» **DATA**:
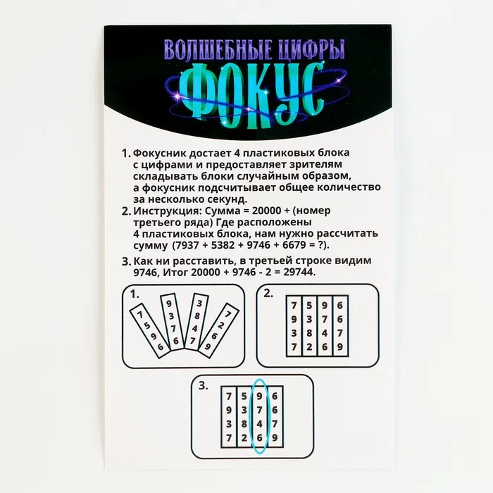 Фокусы «Профи» — первый шаг в мир сценического мастерства. Они раскрывают творческий потенциал, учат добиваться результата через практику. Отличный вариант для детей, которые любят удивлять и быть в центре внимания. Подарите малышу магию — пусть его глаза загорятся от восторга первых успехов!
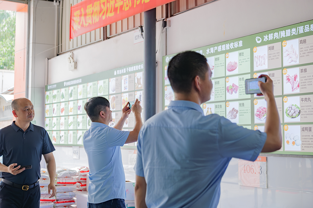 研學團一行在我司相關人員陪同下先后參觀了餐飲項目、預制菜生產車間、食材配送大廳、食品安全檢測中心等。
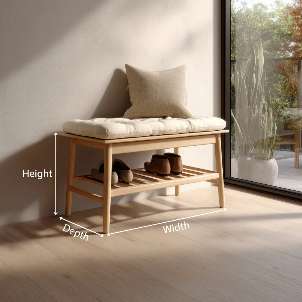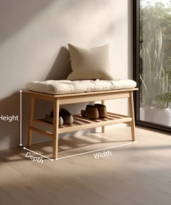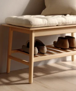 The Compact Wooden Entry Bench With Lower Shoe Shelf provides a simple seating solution combined with light storage. The padded top offers a comfortable surface for sitting, while the wooden frame maintains a clean, balanced structure suitable for everyday use.

» **PROBLEM STATEMENT**: Copy every line of the data exactly as written, excluding the pictures.

» **RESPONSE TO THE EXERCISE**:
 Фокусы «Профи» — первый шаг в мир сценического мастерства. Они раскрывают творческий потенциал, учат добиваться результата через практику. Отличный вариант для детей, которые любят удивлять и быть в центре внимания. Подарите малышу магию — пусть его глаза загорятся от восторга первых успехов!
 研學團一行在我司相關人員陪同下先后參觀了餐飲項目、預制菜生產車間、食材配送大廳、食品安全檢測中心等。
 The Compact Wooden Entry Bench With Lower Shoe Shelf provides a simple seating solution combined with light storage. The padded top offers a comfortable surface for sitting, while the wooden frame maintains a clean, balanced structure suitable for everyday use.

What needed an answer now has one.